§ **TASK BRIEF**
For this exercise, reproduce each entry below exactly, excluding pictures.

§ **DATA PROVIDED**
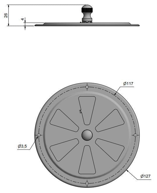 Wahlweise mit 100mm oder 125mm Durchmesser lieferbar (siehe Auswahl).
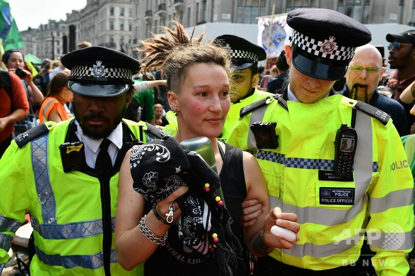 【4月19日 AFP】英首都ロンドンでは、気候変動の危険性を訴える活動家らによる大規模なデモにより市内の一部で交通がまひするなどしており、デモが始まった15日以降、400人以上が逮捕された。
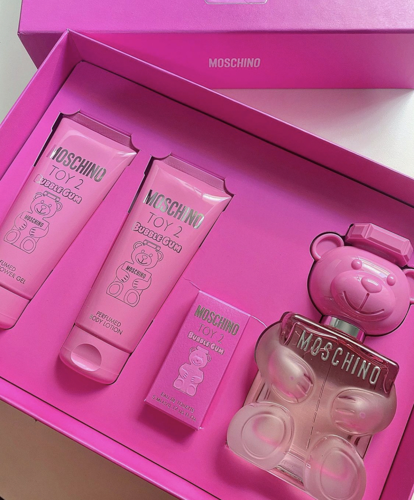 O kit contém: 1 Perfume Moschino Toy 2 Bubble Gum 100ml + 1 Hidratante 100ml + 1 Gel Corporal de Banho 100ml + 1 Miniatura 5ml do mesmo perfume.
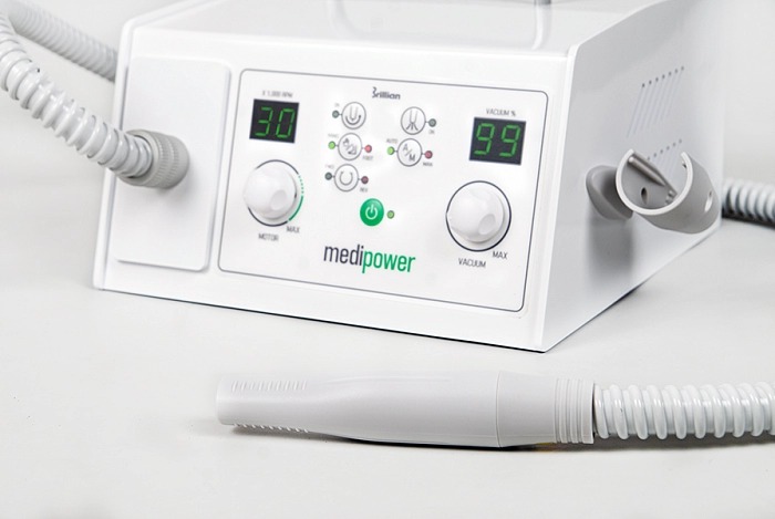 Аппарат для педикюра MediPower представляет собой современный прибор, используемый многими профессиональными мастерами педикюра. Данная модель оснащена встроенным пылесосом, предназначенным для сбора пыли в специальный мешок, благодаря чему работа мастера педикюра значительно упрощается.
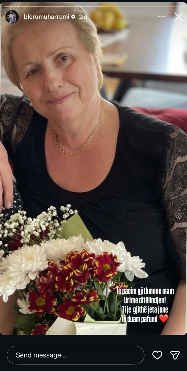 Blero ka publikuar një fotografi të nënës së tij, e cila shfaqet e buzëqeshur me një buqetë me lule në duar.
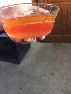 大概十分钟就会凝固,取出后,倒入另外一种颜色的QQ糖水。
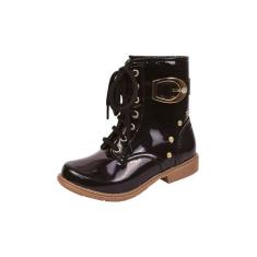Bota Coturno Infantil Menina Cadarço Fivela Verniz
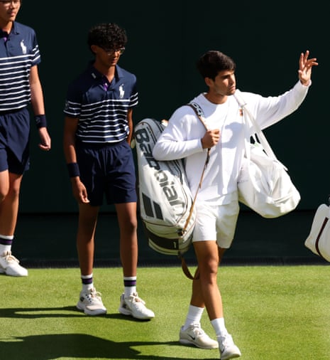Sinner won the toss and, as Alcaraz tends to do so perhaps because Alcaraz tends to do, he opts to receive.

§ **RESPONSE TO THIS TASK**
 Wahlweise mit 100mm oder 125mm Durchmesser lieferbar (siehe Auswahl).
 【4月19日 AFP】英首都ロンドンでは、気候変動の危険性を訴える活動家らによる大規模なデモにより市内の一部で交通がまひするなどしており、デモが始まった15日以降、400人以上が逮捕された。
 O kit contém: 1 Perfume Moschino Toy 2 Bubble Gum 100ml + 1 Hidratante 100ml + 1 Gel Corporal de Banho 100ml + 1 Miniatura 5ml do mesmo perfume.
 Аппарат для педикюра MediPower представляет собой современный прибор, используемый многими профессиональными мастерами педикюра. Данная модель оснащена встроенным пылесосом, предназначенным для сбора пыли в специальный мешок, благодаря чему работа мастера педикюра значительно упрощается.
 Blero ka publikuar një fotografi të nënës së tij, e cila shfaqet e buzëqeshur me një buqetë me lule në duar.
 大概十分钟就会凝固,取出后,倒入另外一种颜色的QQ糖水。
Bota Coturno Infantil Menina Cadarço Fivela Verniz
Sinner won the toss and, as Alcaraz tends to do so perhaps because Alcaraz tends to do, he opts to receive.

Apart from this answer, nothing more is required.